Task to carry out: Excluding pictures, what does the listing below contain from the line with "De afwerking in" up to and including the line with "고객 만족도 조사 결과를", word for word?

Input data:
-*-*-

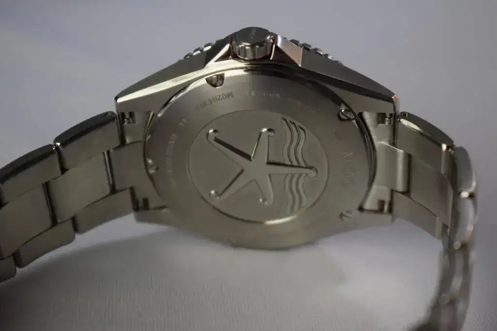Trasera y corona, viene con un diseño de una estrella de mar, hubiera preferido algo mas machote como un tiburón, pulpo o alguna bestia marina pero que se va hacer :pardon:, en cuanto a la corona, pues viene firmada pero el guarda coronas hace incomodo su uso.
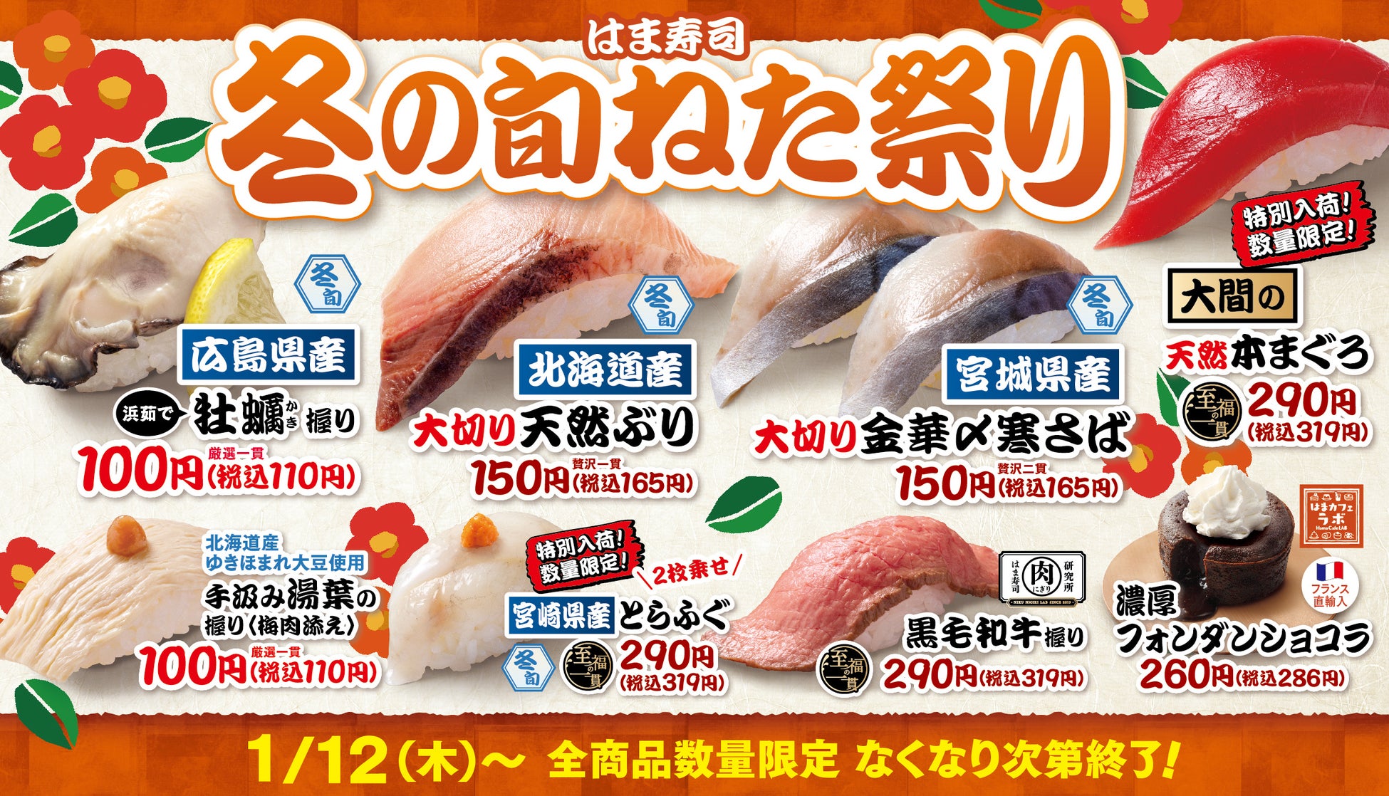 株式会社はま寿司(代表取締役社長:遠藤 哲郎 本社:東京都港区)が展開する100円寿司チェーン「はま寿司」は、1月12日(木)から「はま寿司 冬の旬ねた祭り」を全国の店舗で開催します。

-*-*-

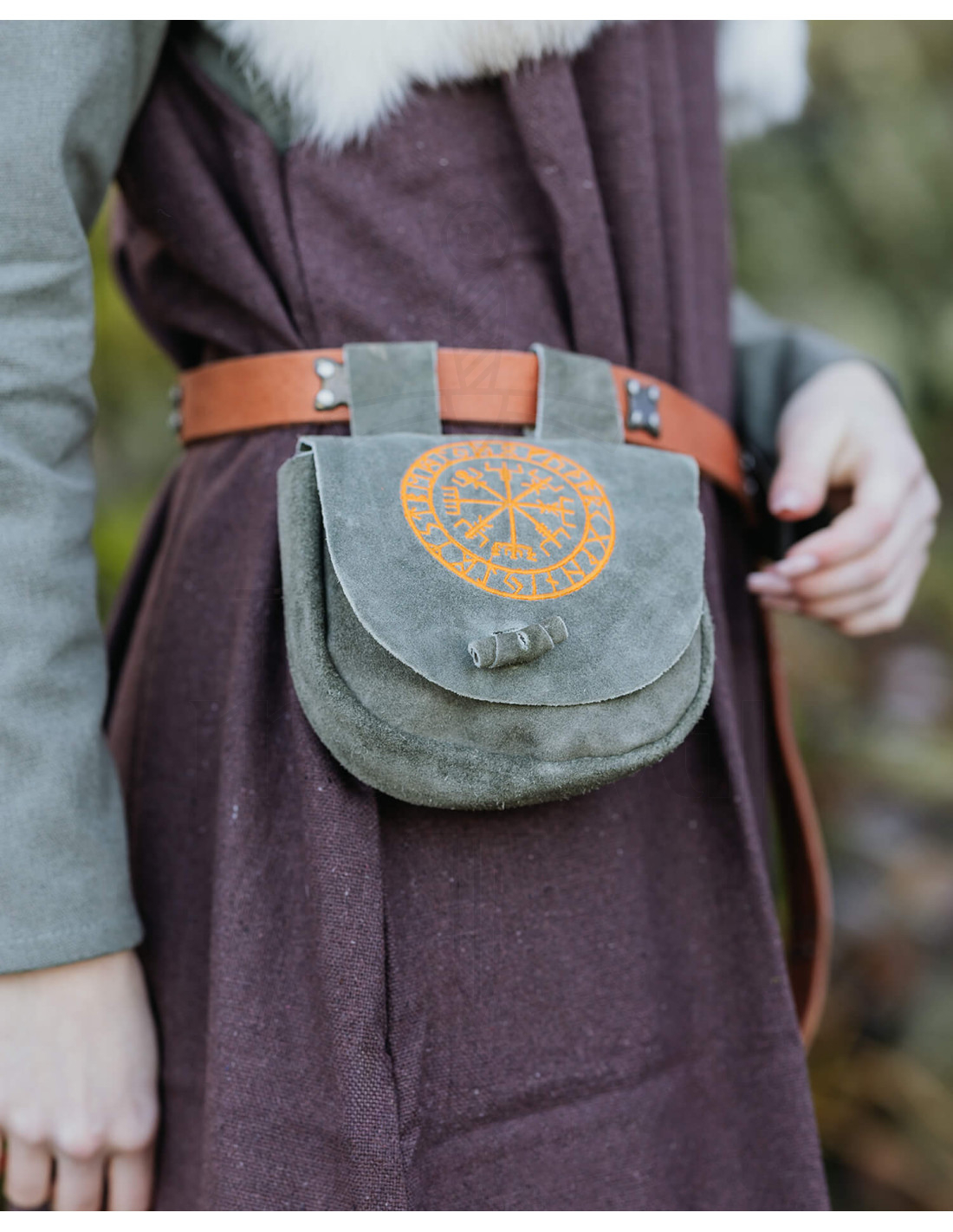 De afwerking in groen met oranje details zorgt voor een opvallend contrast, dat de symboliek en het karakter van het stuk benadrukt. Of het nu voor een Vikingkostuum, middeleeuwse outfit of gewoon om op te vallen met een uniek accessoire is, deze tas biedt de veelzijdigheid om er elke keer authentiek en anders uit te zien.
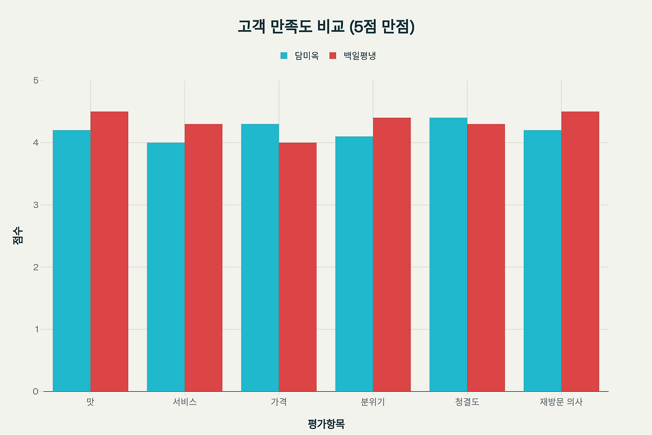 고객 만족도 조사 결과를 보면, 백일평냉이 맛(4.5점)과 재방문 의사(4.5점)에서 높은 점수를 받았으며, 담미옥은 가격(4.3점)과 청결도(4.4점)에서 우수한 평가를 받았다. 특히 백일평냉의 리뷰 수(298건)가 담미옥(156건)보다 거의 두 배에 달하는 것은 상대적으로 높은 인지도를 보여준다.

-*-*-

Expected answer:
 De afwerking in groen met oranje details zorgt voor een opvallend contrast, dat de symboliek en het karakter van het stuk benadrukt. Of het nu voor een Vikingkostuum, middeleeuwse outfit of gewoon om op te vallen met een uniek accessoire is, deze tas biedt de veelzijdigheid om er elke keer authentiek en anders uit te zien.
 고객 만족도 조사 결과를 보면, 백일평냉이 맛(4.5점)과 재방문 의사(4.5점)에서 높은 점수를 받았으며, 담미옥은 가격(4.3점)과 청결도(4.4점)에서 우수한 평가를 받았다. 특히 백일평냉의 리뷰 수(298건)가 담미옥(156건)보다 거의 두 배에 달하는 것은 상대적으로 높은 인지도를 보여준다.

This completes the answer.